Brown and drain beef and onion. Add all the other ingredients. Bake uncovered at 325 degrees F for 1 hour, stirring occasionally.

Whee, meals for a week!

Wednesday, October 19, 2005

At this point, the World Series is just frosting

Ha! My siblings aren't answering their phones right now. They spent all season riding me about how my Astros were games and games behind their Cardinals, and now...well, as I told my brother, winning the division doesn't mean much if you can't win the pennant.

This is particularly sweet as my sister took evil glee in calling me Monday night when Pujols broke our hearts with that homer. The message I left her? A gentle reminder that the baseball gods punish those who gloat too early, and oh yeah, who won the last game ever in Busch Stadium? Yeah, wasn't the Cardinals.

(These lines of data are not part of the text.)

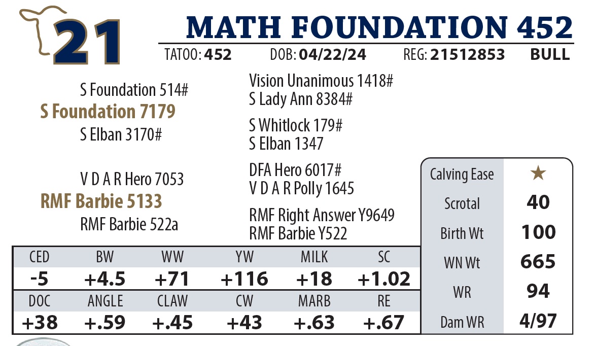 | MATH FOUNDATION 452 | 21 | AGED BULL | AGED BULL |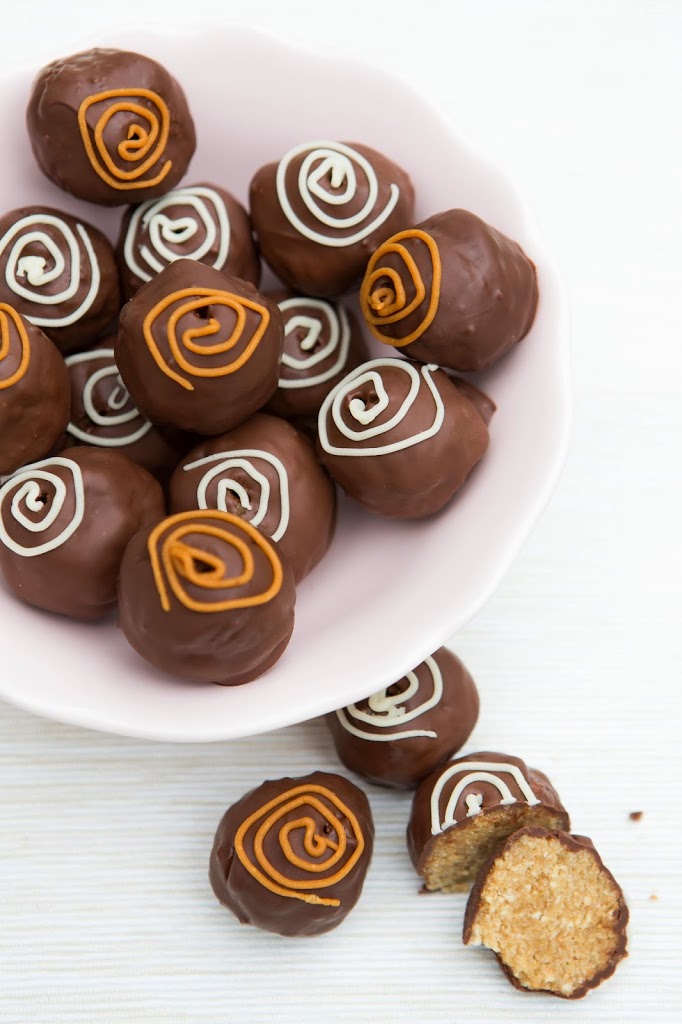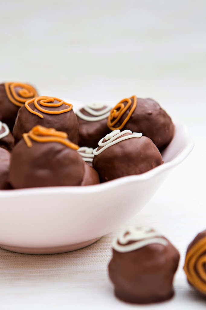A golyókat egy bonbonmártó villa ( azt hiszem így hívják, nekem nincs) vagy fogpiszkáló segítségével megmártjuk a csokiban, kicsit lecsepegtetjük és sütőpapírra rakjuk őket. Miután a golyókon a csoki megköt, körülbelül 1 óra után díszítettem az üzletekben kapható cukormázzal, de darált diót is szórhatunk a tetejére.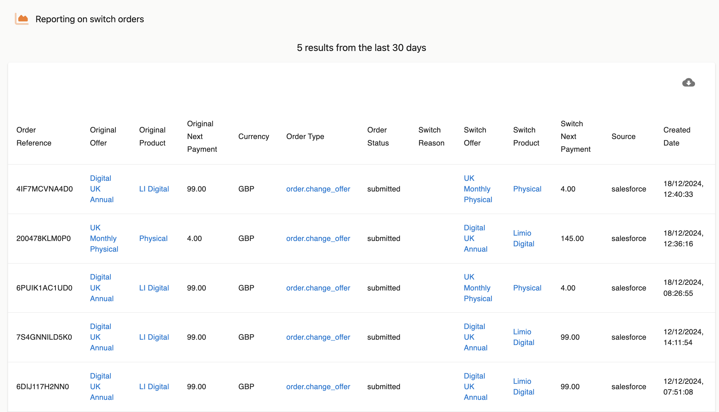 The Switch report displays all orders from the last 30 days that are order.change_offer. Order.change_offer can be triggered from a switch journey or a cancel/save with a new offer. This report can be exported for easy data analysis.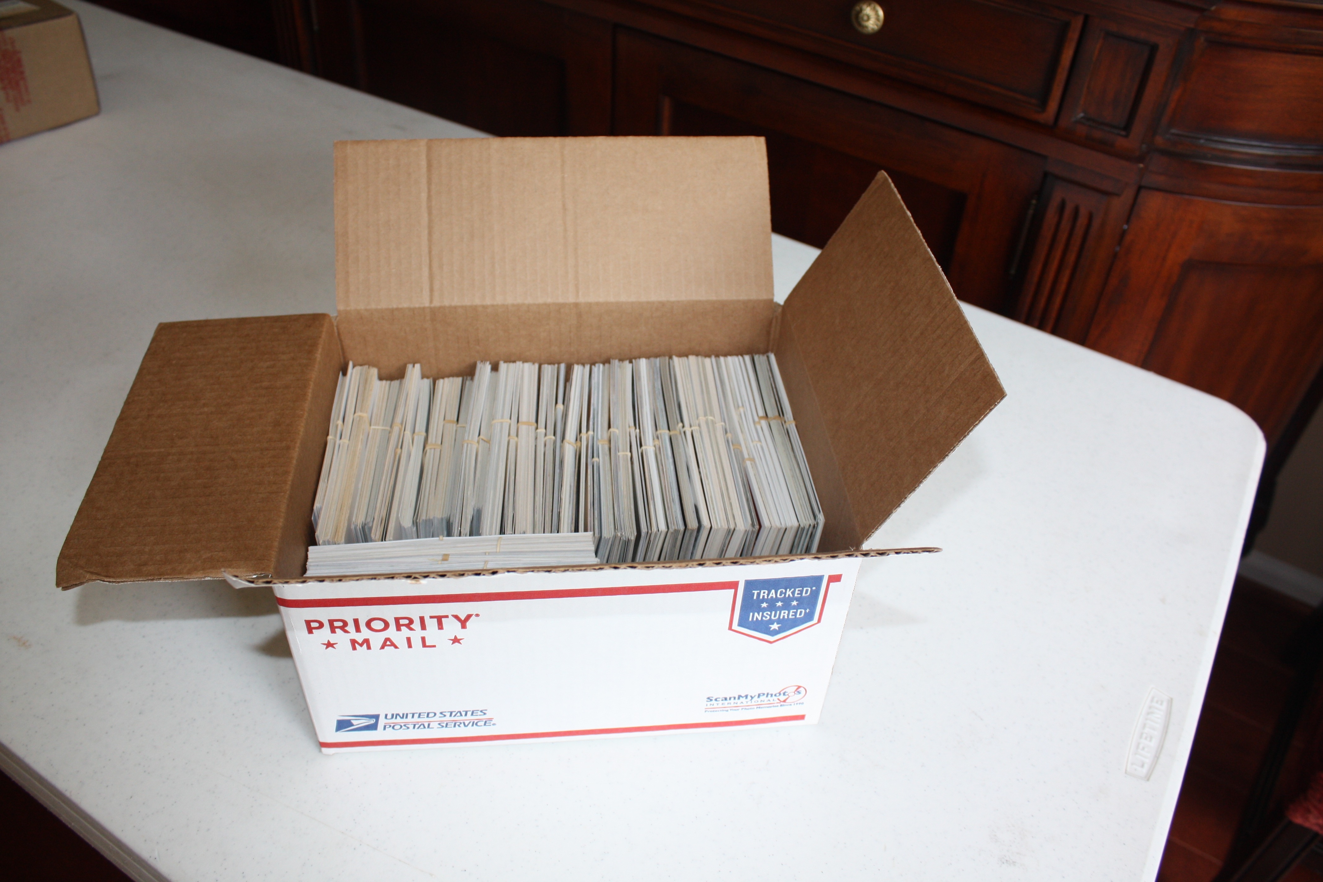 - If you prefer, use a Scanning Service such as Scan My Photos. I love this service. With my box of 1,800 photos, I had a great experience! I opted for “Scan in Order” which was well worth the additional cost to maintain the labels I created.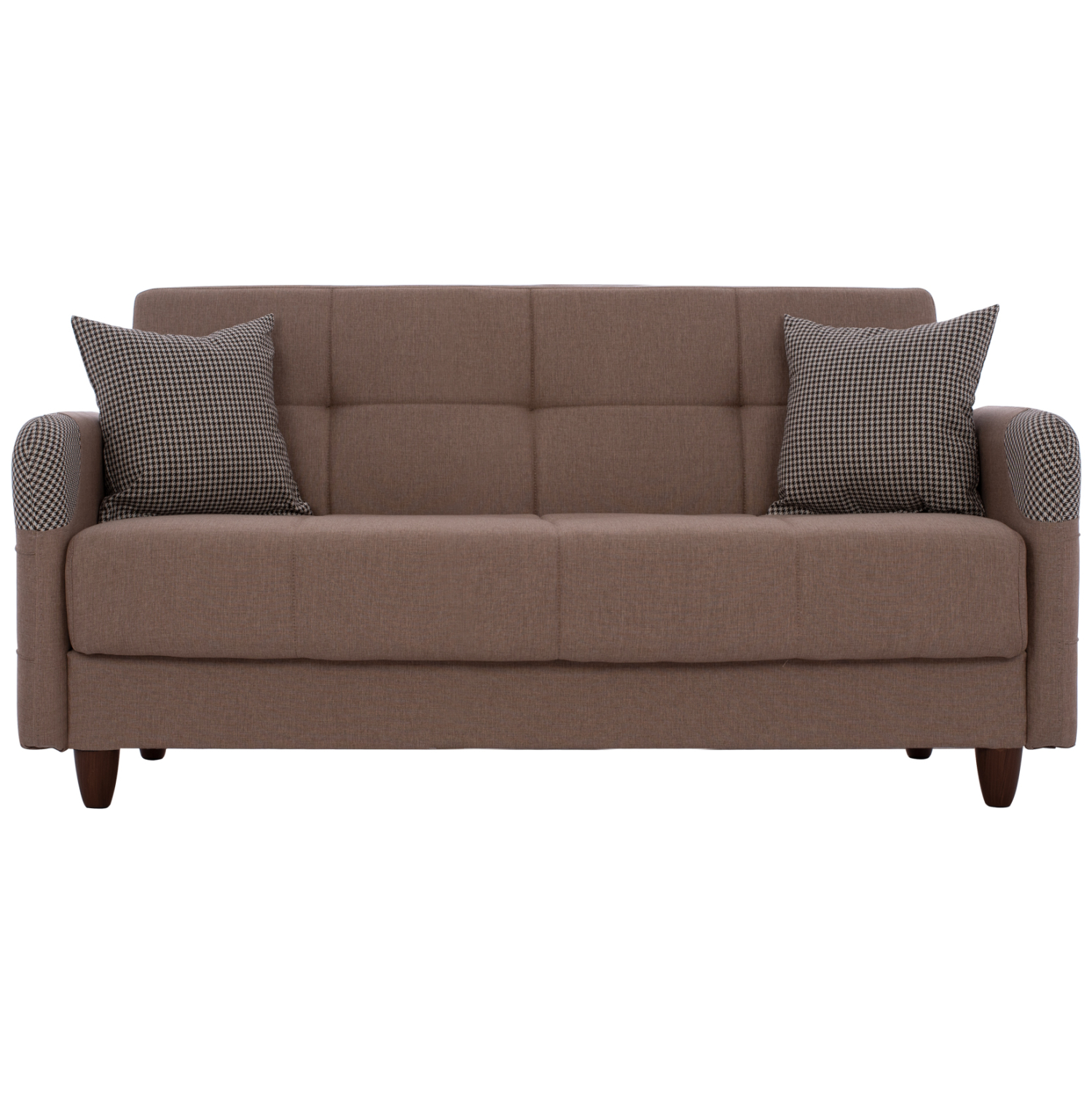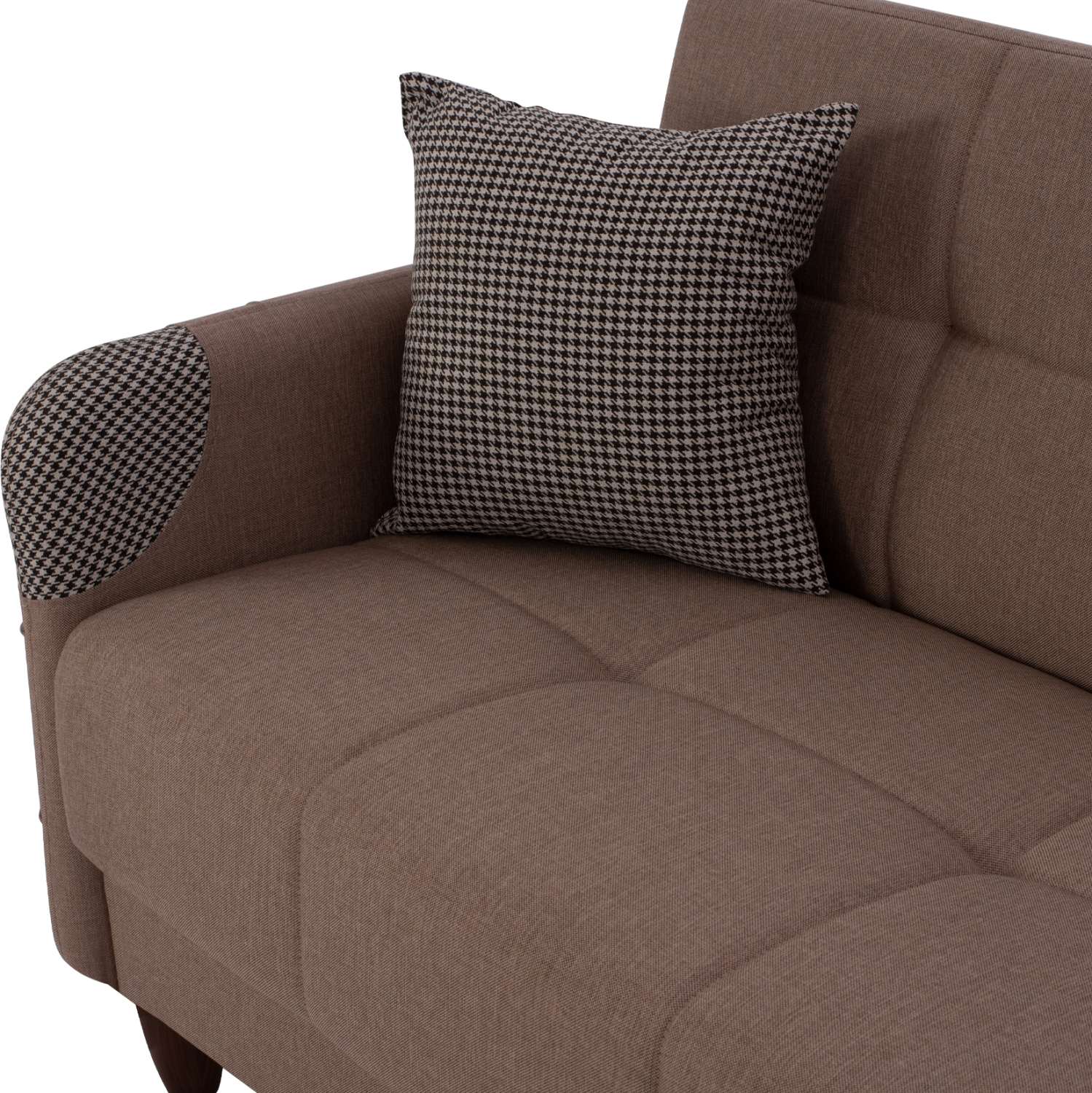 Η επένδυσή του είναι με εξαιρετικής ποιότητας μπεζ ύφασμα ενώ τα διακοσμητικά μαξιλαράκια, του δίνουν μια διαφορετική αισθητική πινελιά με ύφασμα σε καρό σχεδιασμό που υπάρχει και στις εμπρός γωνίες των μπράτσων. Η επένδυση έχει τεχνοτροπία καπιτονέ σε μεγάλα τετράγωνα τόσο στο άνετο κάθισμα και στην πλάτη, όσο και στα λεπτά μπράτσα.

Awesomest post-game information: apparently the Astros' owner promised to buy Roy Oswalt a bulldozer if he won. New construction equipment all around, I say!

Confidential to Roy O.: if you're looking for a mother for your children, I'm your gal. And you know how I feel about kids, so that means something.

Tuesday, October 18, 2005

Stop the university, I want to get off

So this whole grad school experience has taken a sharp turn for the difficult this week, as things start moving inexorably toward finals in a very ominous way. Ominous like having two presentations in one day—I'll be dead after Tuesday, so if you've got something to say, say it now. Some notes:

Panopticon is a funny word
I don't know if you've ever read Foucault, but we're doing Discipline and Punish in Theory tomorrow. It's a fascinating book and wonderfully written, with the added bonus of being scary as all get-out. Foucault seems to have this idea that everybody should live in a sort of imagined panopticon, which is where you are constantly under surveillance, and you know it, so you behave. Very 1984, right? It is, of course, more complicated than that—he has some fun (anti-)Marxist ideas about how it would maximize production and so on—but mostly it led to my informal discussion group trying to plot an overthrow of our theory class that featured the phrase "Stop gazing at me, Dave!"

See? This is what happens to humor under stress.

Speaking of things not being funny anymore
Early in the semester, I was kind of having fun telling people that I was reading until my eyes bled. That was an enjoyably visceral (if cliched) metaphor, but it's abruptly stopped being funny this weekend, as my eyes have literally started to hurt at all times. For the past four days, there's been kind of a dull pain in my eyes that feels like the precursor to a migraine that will never come. It's leading me to have wild day-mares about slowly going blind from reading like Mac in Eight Cousins by Louisa May Alcott.* Mac had to wear green goggles and he couldn't read anything for like, a year. The horror! Anyway, there's no point to this except maybe that there's a physical component to my pain. It wasn't helped by the fact that I stabbed myself in the eyeball with the corner of my comforter this morning, in a boneheaded moment that could only have happened to me. Flipping the comforter off the floor onto the bed, and whoosh! It's in my eyeball and I'm cursing. Owie.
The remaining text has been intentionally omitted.